Voice Agent¶

Overview ¶

End-to-end on-device voice assistant: VAD → STT → LLM → TTS, with neural end-of-turn detection (the smart-turn-v3 model), interruption handling (barge-in), streaming transcription (live partial captions), and sentence-level TTS streaming for sub-second time-to-first-audio.

State Machine ¶

                     ┌────────────────────────────────────────┐
                     │  if config.wake_word == nil            │
idle → loading ─────►│  listening ⇄ thinking → speaking       │──► listening
                     │                                        │
                     │  else (wake-word configured)           │
                     │  sleeping ─WW─► listening ⇄ thinking   │──► speaking ──► sleeping
                     └────────────────────────────────────────┘

States¶
State	Meaning
`idle`	Models not loaded
`loading`	Models being downloaded / loaded
`sleeping`	Wake-word standby
`listening`	Mic open, VAD scanning for speech
`thinking`	Speech committed, LLM is generating
`speaking`	TTS streaming audio to the speaker

Usage Guides ¶

Building a basic voice assistant ¶

The quickest way to get a working voice loop is to wire up a cloud LLM provider, point the agent at the pre-trained VAD / STT / TTS bundles, and subscribe to the event stream. The agent handles the full listen → think → speak cycle automatically.

Swift

import TheStageSDK

let ai = TheStageAI.shared
try await ai.initialize(apiToken: "th_…")
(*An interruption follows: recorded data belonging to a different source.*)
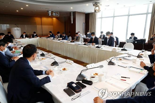 (서울=연합뉴스) 국민연금기금운용위원회가 27일 서울 중구 프레지던트호텔에서 2022년도 제3차 회의를 진행하고 중기자산배분안은 향후 5년간 목표수익률을 5.4%로 결정했다고 밝혔다. 사진은 제3차 국민연금기금운용위원회. 2022.5.27 [보건복지부 제공. 재판매 및 DB 금지]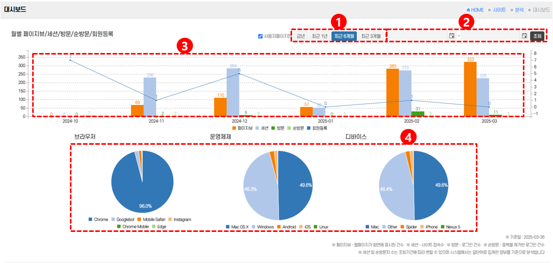 • 월 단위로 페이지뷰, 세션 수, 방문자 수, 순방문자 수, 회원 가입 수를 시각화하여 표시합니다.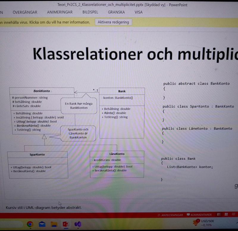 Tack för svar, nä, enligt boken förväntas inte banken ha någon ränta, men enligt skoluppgiften förväntas väl det? Då ska jag lägga till en ToString på banken. Vad kan det tänkas stå i Ränta()? Tänker att all beräkning görs ju i beräkna ränta? Insåg att jag gjort ett fel o satt en kredit med stort k, men det borde ju inte påverka sparkontot? Är det bara ett konto eller alla sparkonton som beter sig så? Vad skulle detta kunna bero på? Sorry för alla frågor, men försöker verkligen förstå o det går sådär 😅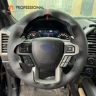 eBay Hand Stitch Genuine Leather Steering Wheel Cover for Ford F-150 Raptor ONE Car ONE Template Factory buy brand new steering wheels from all over the world, to make the templates which could 100% fit the corresponding car model. Personalized customization Many colors of thread and material for choose to customize. According to the colors and materials you could customize a new style cover. Multiple protection High quality synthetic suede guarantees a good grip while driving. With 100% fit Mewant cover, it won’t slip while driving. The Original Steering Wheel: NOTICE This cover Suitable car model: for Ford F-150 Raptor 2015-2020 Please compare your steering wheel with ours carefully before order. If you are not sure, please send us a picture of yours to check the fitness! Suitable car model name and launch year are just a reference, different countries have different model name and launch time, so please pay attention to the steering wheel picture above, make sure they are the same , if not sure, feel free to contact us. Default design: Design elements: A: Red Center Top Stripe B+D: Black Smooth Genuine Leather C: Black Perforated Genuine Leather E: Black Thread If you want to change the material or color, please contact our customer service when you order. Features * Increased Safety :High quality leather, super soft & smooth , non-slip & durable. it provides great grip on the steering wheel, massage your palm and relieve drive fatigue , bring you a great touch and feel . * Top Quality: delicate workmanship, super technology and flat sewing stitches, The steering wheel gloves are the perfect way to transform the look of your vehicles interior while protecting your original steering wheel at the same time from wear and tear. Self-installation Needed: Our steering wheel covers need to stitch by yourselves, the installation tools, video and instructions were provided to assistant, please do NOT remove the original leather before the installation, or it will not fit. Attachment:Needle,thread,double sided tape,yellow small blade ,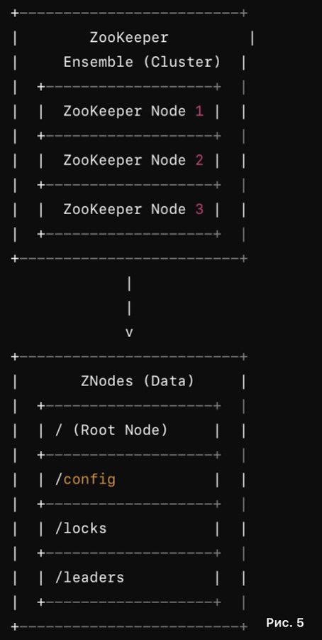 Эта схема помогает визуализировать, как ZooKeeper управляет данными и координирует процессы в распределенных системах, обеспечивая централизованное и надежное решение для управления конфигурацией и синхронизацией.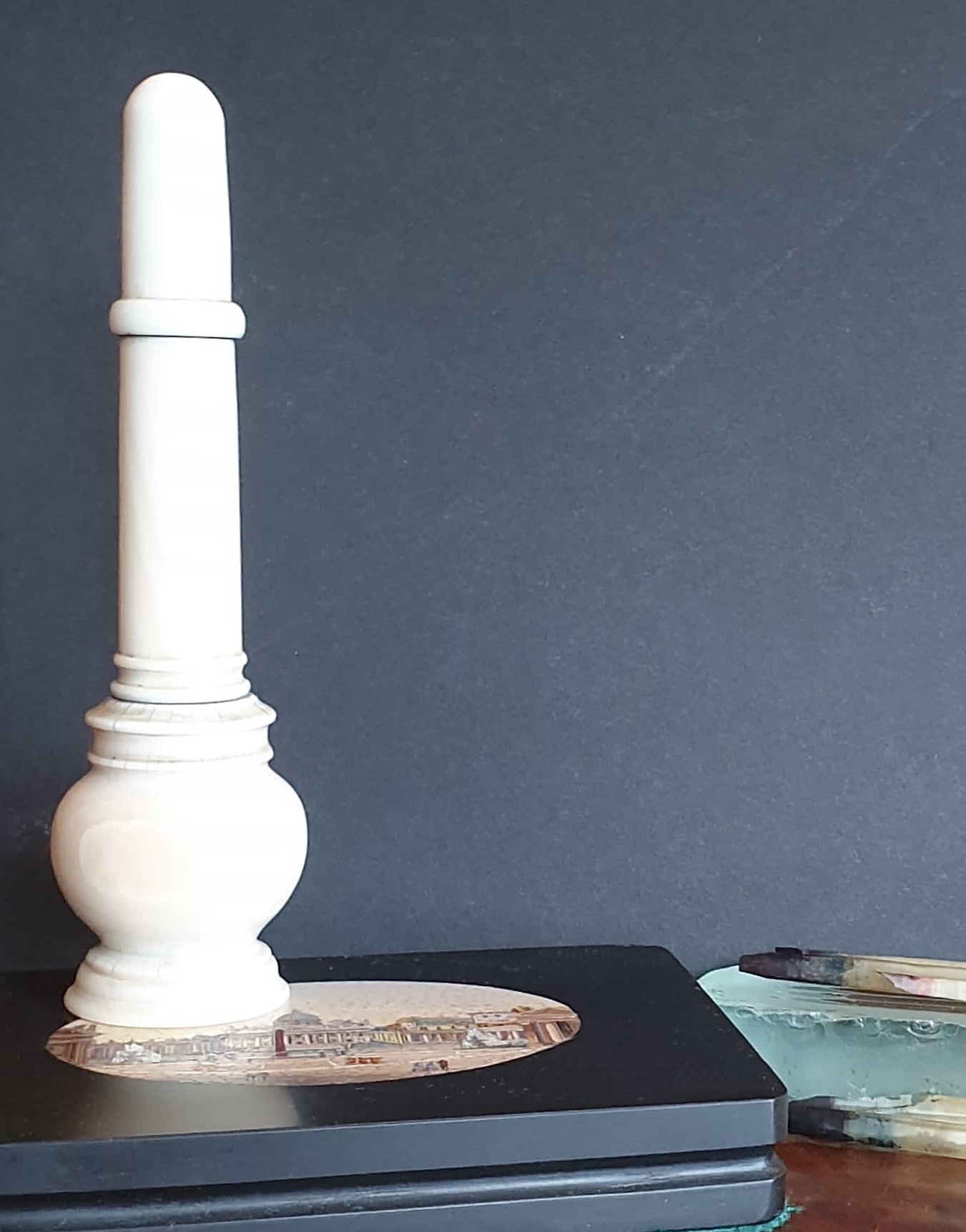 Una perla che nobilita la mia collezione: penner in avorio della prima metà del ‘700, raffinatissimo strumento scrittorio tascabile cui seguirà, qualche decina di anni dopo, il più diffuso Baradelle della corte francese con sandracchiera e penna fissa (pennino in oro), in luogo del porta penne.
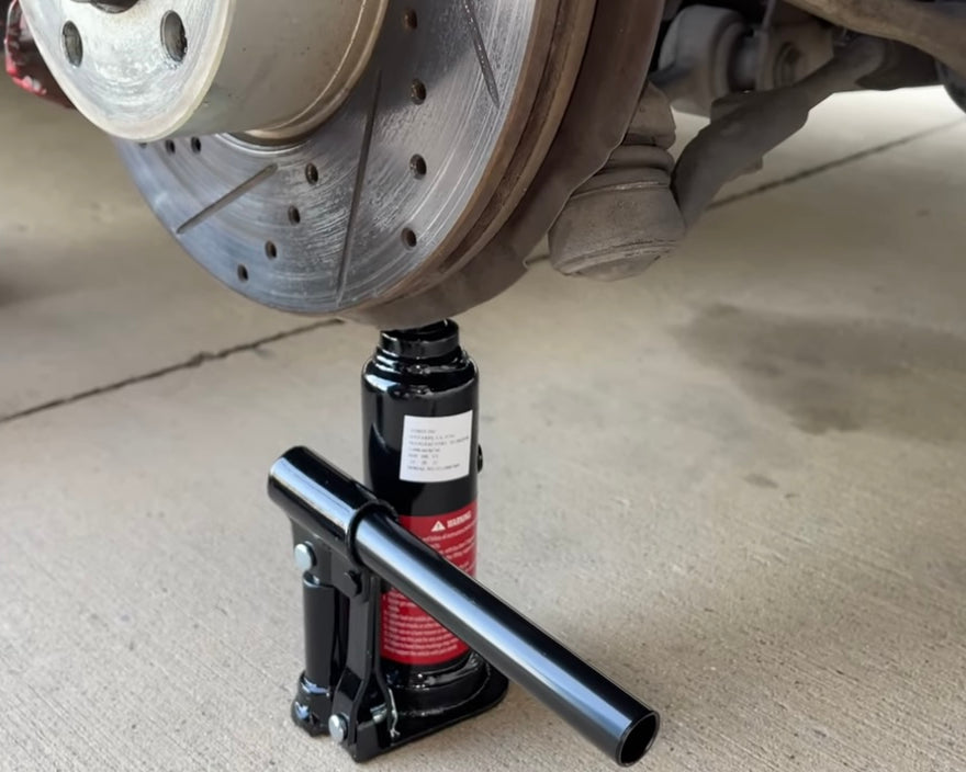 Using a floor jack, raise the suspension knuckle just enough to free up the sway bar end link.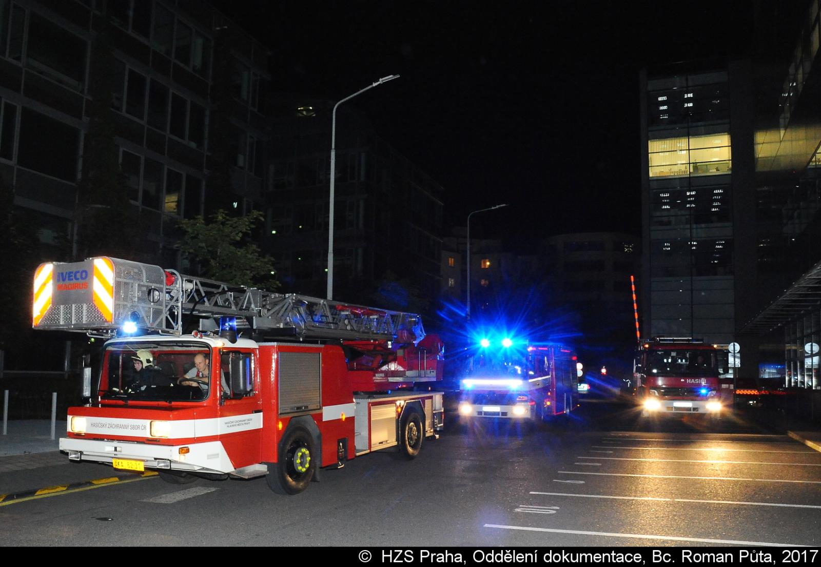Čtyři jednotky pražských hasičů byly vyslány k prověření kouře v podzemních prostorách administrativní budovy v ulici Na Pankráci v Praze 4 dne 18.09.2017 ve 20:25 hodin.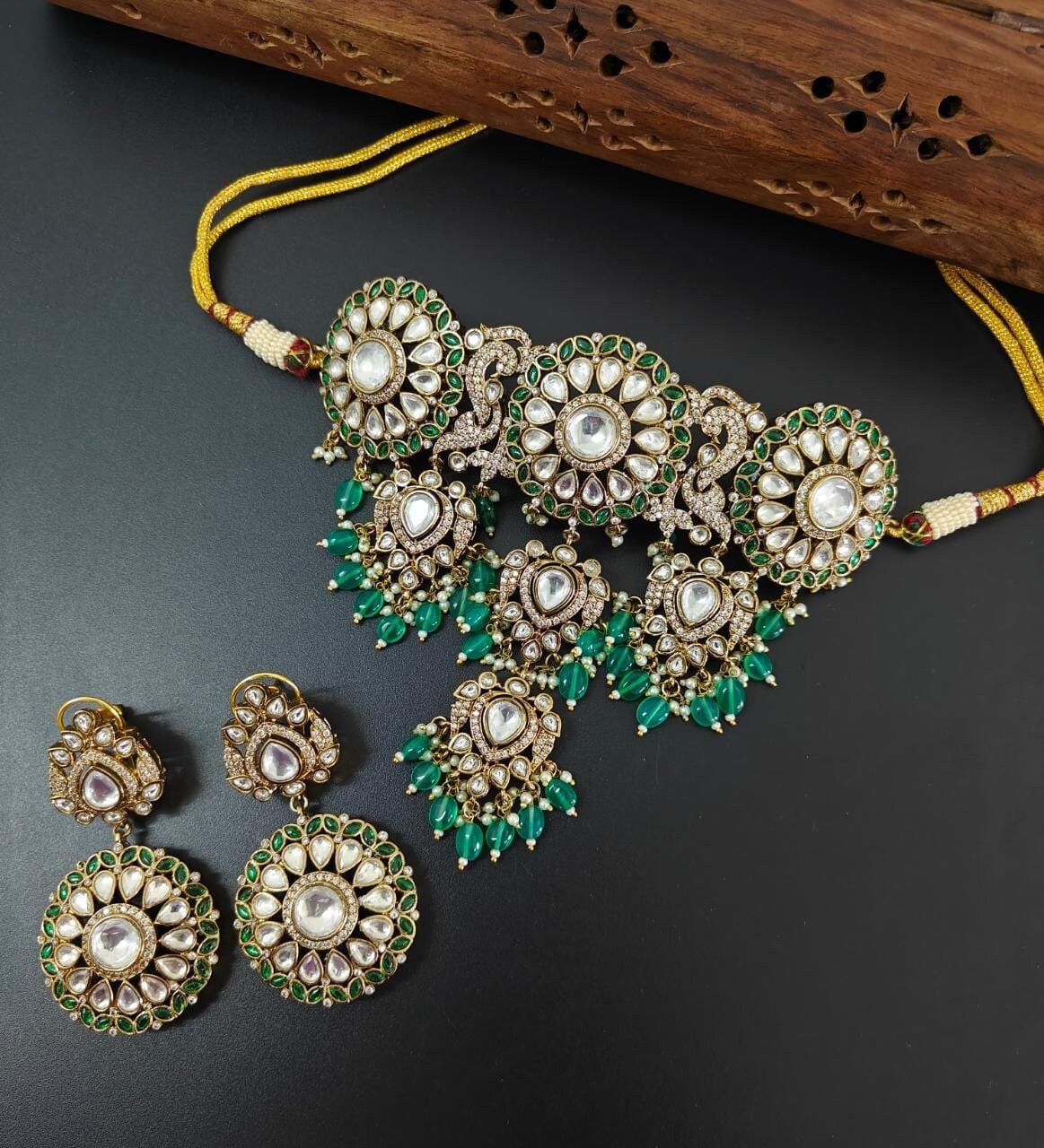 VeroniQ Trends-Bollywood Style Victorian Polki Kundan Necklace With Pearls-India
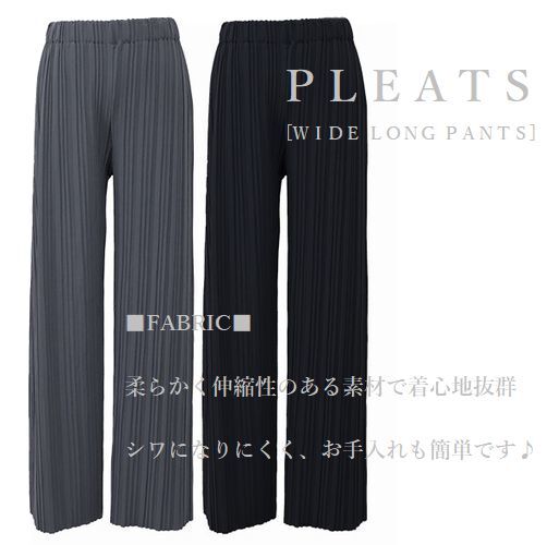 通年使える美しいシルエットが自慢のプリーツ加工ワイドロングパンツ。伸びの良いゆったりウエストゴムで長時間ノンストレスな着心地。通勤オフィス対応◎デイリーにお出かけに大活用いただけます。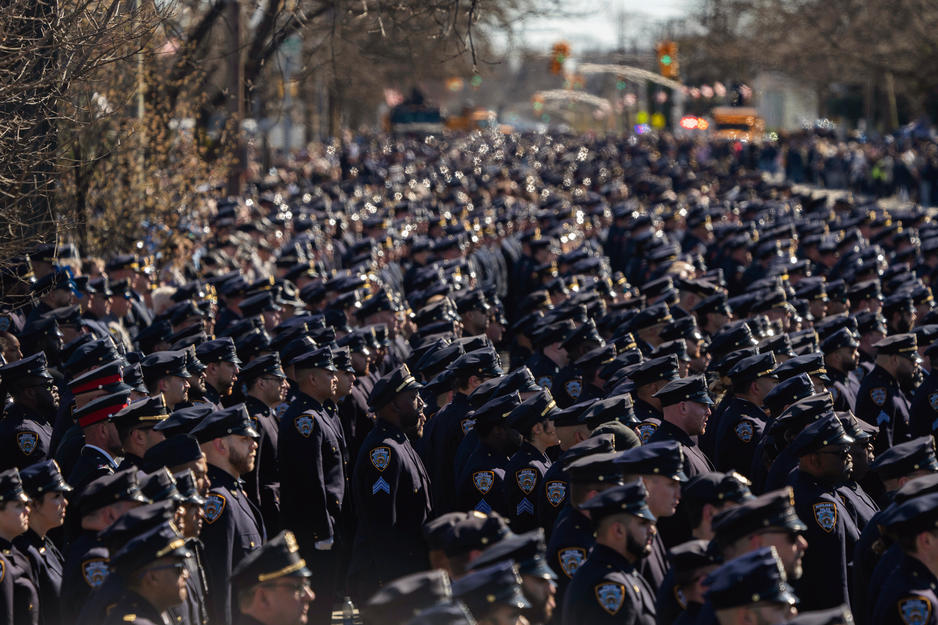 Police officers gather during a funeral service for New York City police officer Jonathan Diller, oiutside the Saint Rose of Lima R.C Church in Massapequa Park, N.Y., March 30, 2024. Diller, 31, who was shot dead during a traffic stop, was the first New York City police officer killed in the line of duty in two years. (Photo by Jeenah Moon/AP Photo)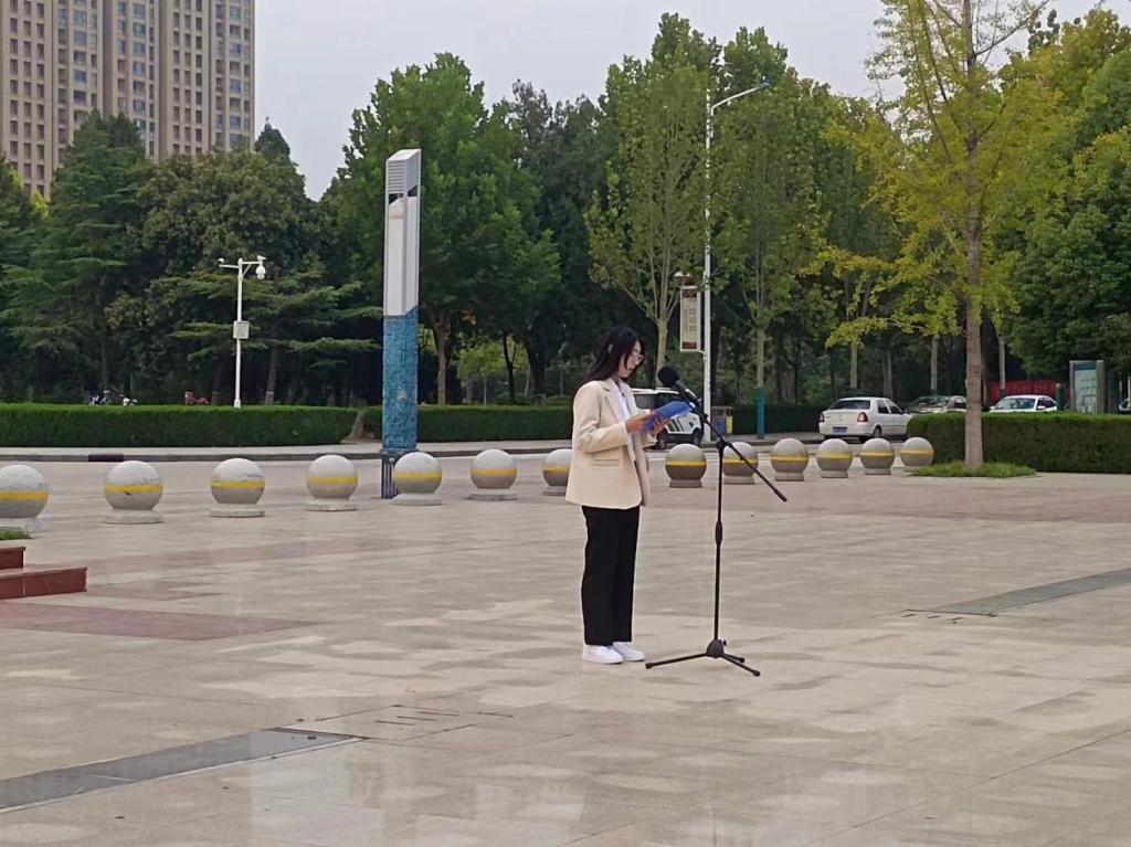 紧接着,由学生代表刘栗君同学发言。她激情昂扬的讲话内容,展现了新时代大学生的爱国情怀与满腔热血。她代表全体学生庄严承诺,将以“守诚、求新、创业、修能”的校训作为自身的标准,在日后的工作学习中谨记恩师教导,求真务实,志存高远,拼搏向上。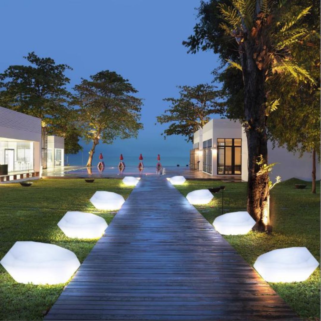 Khi được đặt xen kẽ giữa thảm cỏ, lối đi hoặc gốc cây, đèn viên đá LED đổi màu tạo nên hiệu ứng ánh sáng tự nhiên, giúp khu vườn như bừng sáng trong đêm. Mỗi viên đá là một điểm nhấn lung linh, giúp không gian trở nên lãng mạn và yên bình. Đặt quanh hồ bơi hoặc khu vực spa, ánh sáng của đèn viên đá LED đổi màu phản chiếu trên mặt nước, tạo nên không gian sang trọng và thư giãn tuyệt đối. Đây cũng là xu hướng thiết kế phổ biến tại các resort 5 sao, khách sạn và villa nghỉ dưỡng.
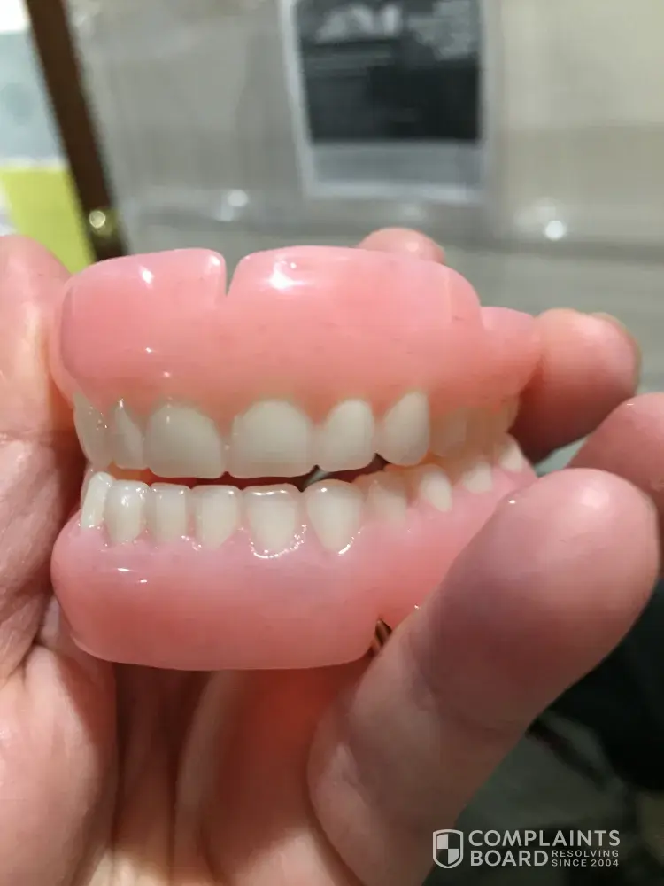 I was delivered a set of dentures that makes me look like I have gum disease and when I complained I was told that they are normal I have been back two or three times and complain they said they would initiate a refund I sent them pictures no one is ever responded and once they got my money they said they can no longer help me this place is full of monkey...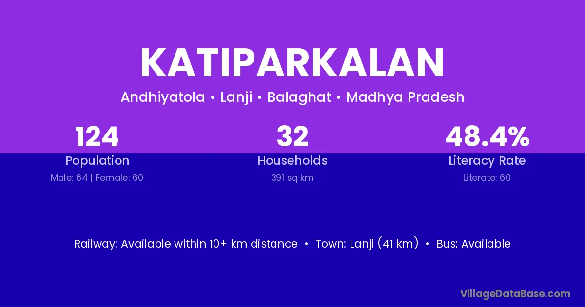 Lanji (41 km) is the nearest town to Katiparkalan village for major economic activities and is located approximately 41 km away.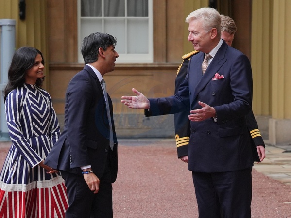 Sir Clive Alderton, Principal Private Secretary to The King and Queen(right) with Commander William Thornton, Royal Navy, Equerry to The King (hidden) greet Rishi Sunak and his wife Akshata Murty, as he arrives at Buckingham Palace for an audience with King Charles III to formally resign as PM following the landslide General Election victory for the Labour Party. Picture date: Friday July 5, 2024. Election. NO UK USE FOR 48 HOURS, Credit:Avalon.red / Avalon
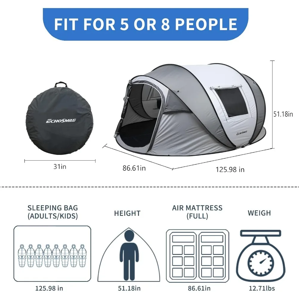 Camping Instant Pop Up Tent, 2/4/6/8/10 Person, Water Resistant for Camping Hiking and Outdoor

let llm = TheStageOpenAICompatibleProvider(
    endpoint: "https://api.openai.com/v1/chat/completions",
    api_key: "sk-...",
    model: "gpt-4o-mini"
)

var config = TheStageAgentConfig(
    vad: "TheStageAI/silero-vad",
    stt: "TheStageAI/thewhisper-large-v3-turbo",
    tts: "TheStageAI/neutts-multilingual",
    llm: llm
)
config.system_prompt = "You are a helpful voice assistant. Keep replies short."

let agent = TheStageVoiceAgent(config: config)

Task {
    for await event in agent.events {
        switch event.kind {
        case .state_changed:    print("[STATE] \(event.data["state"] ?? "?")")
        case .user_request:     print("[YOU] \(event.data["text"] ?? "")")
        case .response_delta:   print(event.data["delta"] ?? "", terminator: "")
        case .response_done:    print("\n[ASSISTANT DONE]")
        case .error:            print("[ERROR] \(event.data["message"] ?? "")")
        default: break
        }
    }
}

Task {
    for await delta in agent.llm_deltas.recv() {
        // Append delta to a chat bubble
    }
}

try await agent.start()

The events stream delivers every state transition and content event. You only need to handle the kinds you care about — the agent keeps running regardless.

Flutter

import 'package:thestage_apple_sdk/thestage_apple_sdk.dart';

await TheStageFlutterSDK.initialize(api_token: 'th_…');

final agent = TheStageVoiceAgentFlutter();

agent.events.listen((event) {
  switch (event['kind']) {
    case 'state_changed': print('STATE: ${event['state']}');
    case 'user_request':  print('YOU: ${event['text']}');
    case 'response_delta': stdout.write(event['delta']);
    case 'response_done': print('\nASSISTANT DONE');
  }
});

agent.llmDeltas.listen((delta) => /* update assistant bubble */);
agent.transcripts.listen((text) => /* show user turn */);
agent.vadProbabilities.listen((p) => /* drive a level meter */);

await agent.start(config: {
  'vad': 'TheStageAI/silero-vad',
  'stt': 'TheStageAI/thewhisper-large-v3-turbo',
  'tts': 'TheStageAI/neutts-multilingual',
  'llm_provider': 'openai_compatible',
  'llm_endpoint': 'https://api.openai.com/v1/chat/completions',
  'llm_api_key': 'sk-...',
  'llm_model': 'gpt-4o-mini',
  'system_prompt': 'You are a helpful voice assistant.',
});

await agent.interrupt();
await agent.say('Welcome back!');
await agent.stop();

Using an on-device LLM (fully offline)¶

TheStageLocalLLMProvider does not load the model. It streams through TheStageAI.shared.infer_stream(model_name:), so you must start_model first and pass the same handle as model_path / Flutter llm_model.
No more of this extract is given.